What is expected: Please set down the data again exactly, minus the pictures.
────
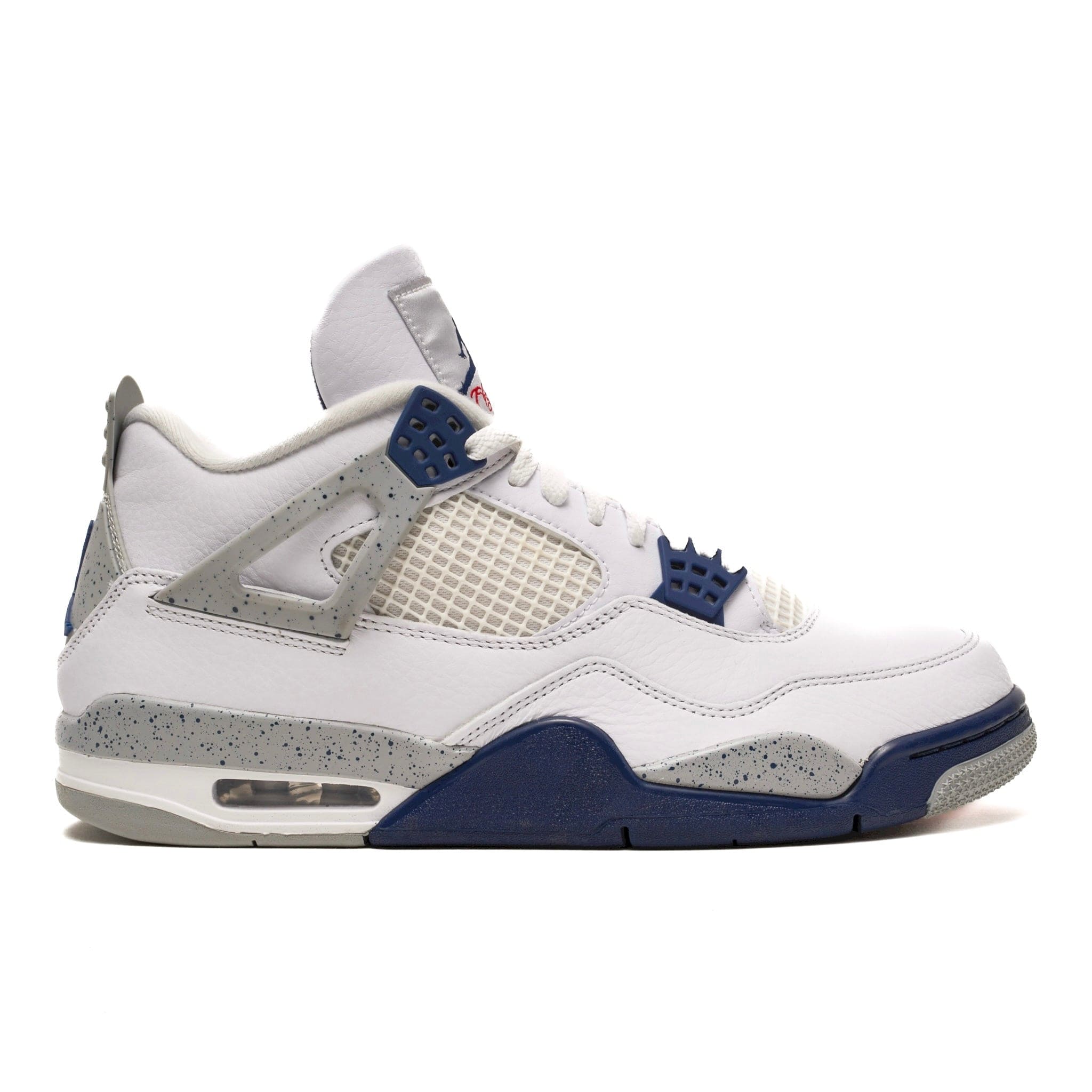 The Air Jordan 4 Retro White Midnight Navy dresses in white, midnight navy, and light smoke grey colorway.
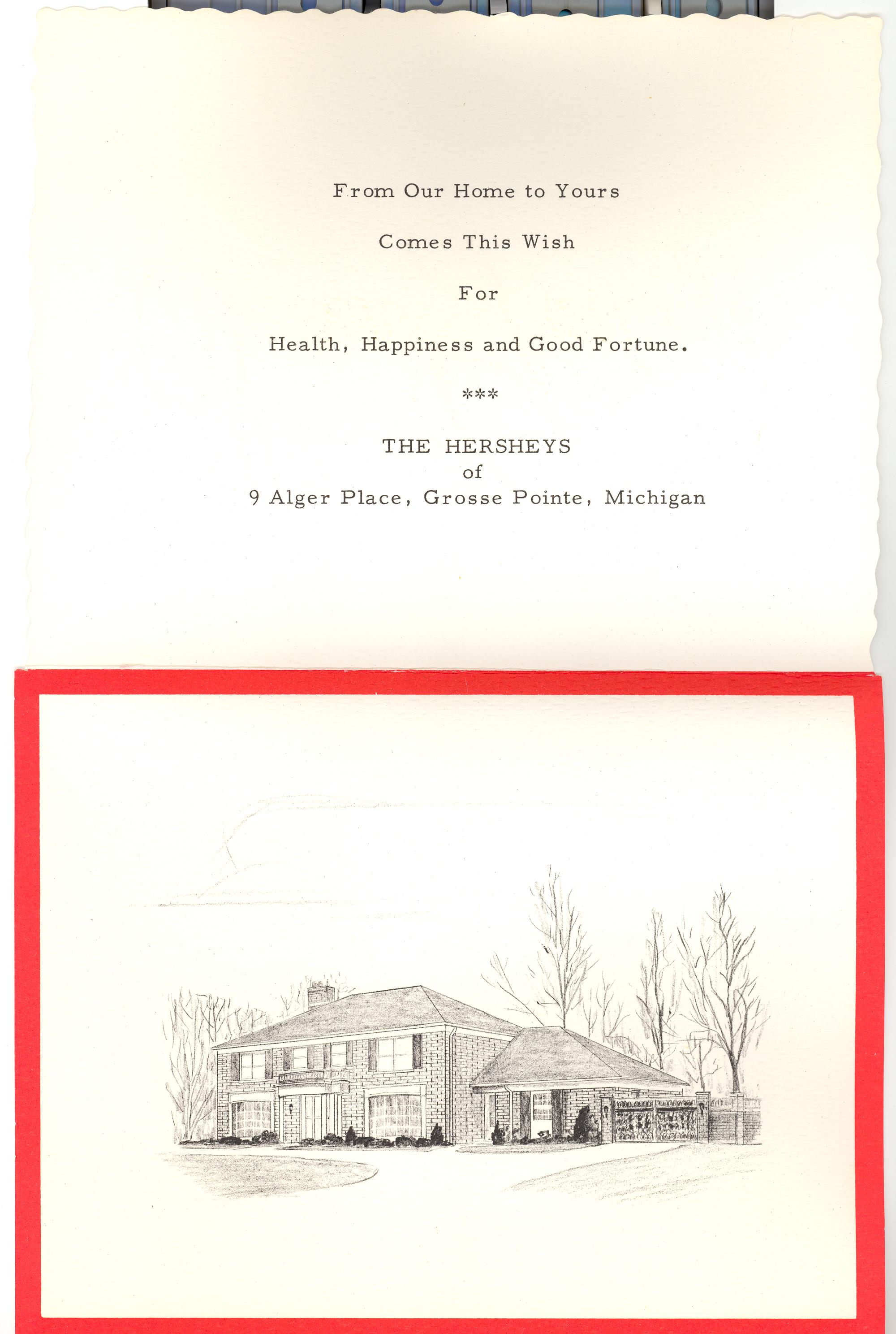 PicId: scan4071 Group: Christmas Where: 9 Alger Place, Grosse Pointe, MI When: 12-25-1969 Subject(s): Unspecified Comments: Inside of our Christmas card we sent the year we moved to 9 Alger Place showing picture of house |
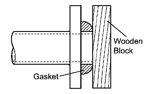 b. Using a plastic-faced hammer and wooden block, tap in a new gasket until its surface is flush with the exhaust manifold.
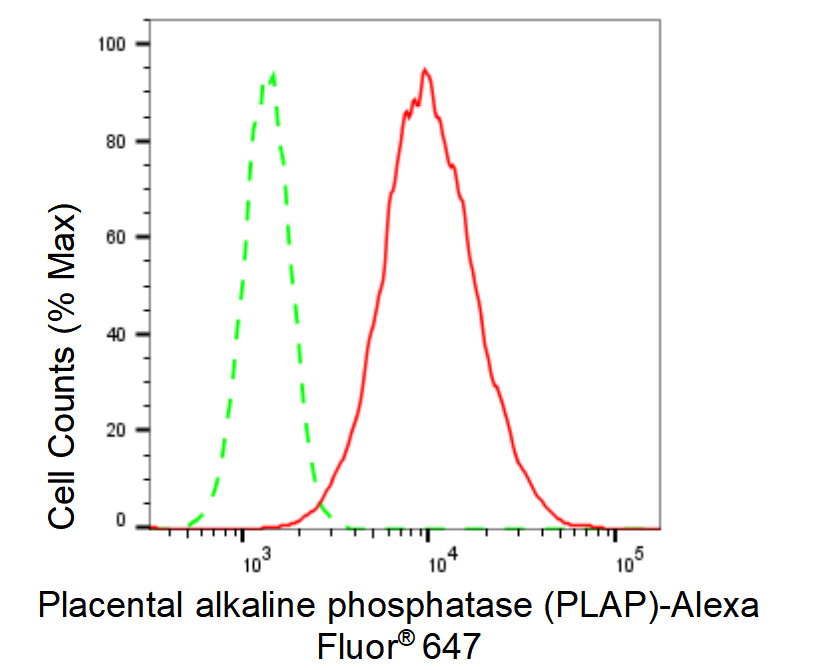 Flow cytometric analysis of Placental alkaline phosphatase (PLAP) expression in HepG2 cells using Placental alkaline phosphatase (PLAP) antibody. Green, isotype control; red, Placental alkaline phosphatase (PLAP).
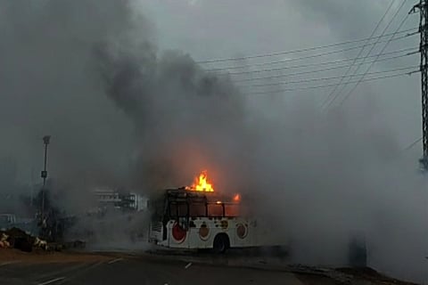 Speaking to TNM, JR Puram Inspector Malleshwara Rao said, "The incident took place at Pydibimavaram. The tourist bus, travelling from Uttarakhand, hit a local bus which was taking a u-turn. The tourist bus then rammed into an ammonium lorry that was approaching from the other side. The collision seems to have triggered a short circuit.”
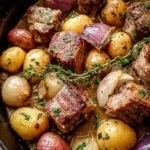 Return the seared pork to the pot, nestling it among the sautéed onions and garlic. Now, grab those halved red potatoes and arrange them around the pork. It looks so inviting already, doesn’t it?
────
The answer:
 The Air Jordan 4 Retro White Midnight Navy dresses in white, midnight navy, and light smoke grey colorway.
 PicId: scan4071 Group: Christmas Where: 9 Alger Place, Grosse Pointe, MI When: 12-25-1969 Subject(s): Unspecified Comments: Inside of our Christmas card we sent the year we moved to 9 Alger Place showing picture of house |
 b. Using a plastic-faced hammer and wooden block, tap in a new gasket until its surface is flush with the exhaust manifold.
 Flow cytometric analysis of Placental alkaline phosphatase (PLAP) expression in HepG2 cells using Placental alkaline phosphatase (PLAP) antibody. Green, isotype control; red, Placental alkaline phosphatase (PLAP).
 Speaking to TNM, JR Puram Inspector Malleshwara Rao said, "The incident took place at Pydibimavaram. The tourist bus, travelling from Uttarakhand, hit a local bus which was taking a u-turn. The tourist bus then rammed into an ammonium lorry that was approaching from the other side. The collision seems to have triggered a short circuit.”
 Return the seared pork to the pot, nestling it among the sautéed onions and garlic. Now, grab those halved red potatoes and arrange them around the pork. It looks so inviting already, doesn’t it?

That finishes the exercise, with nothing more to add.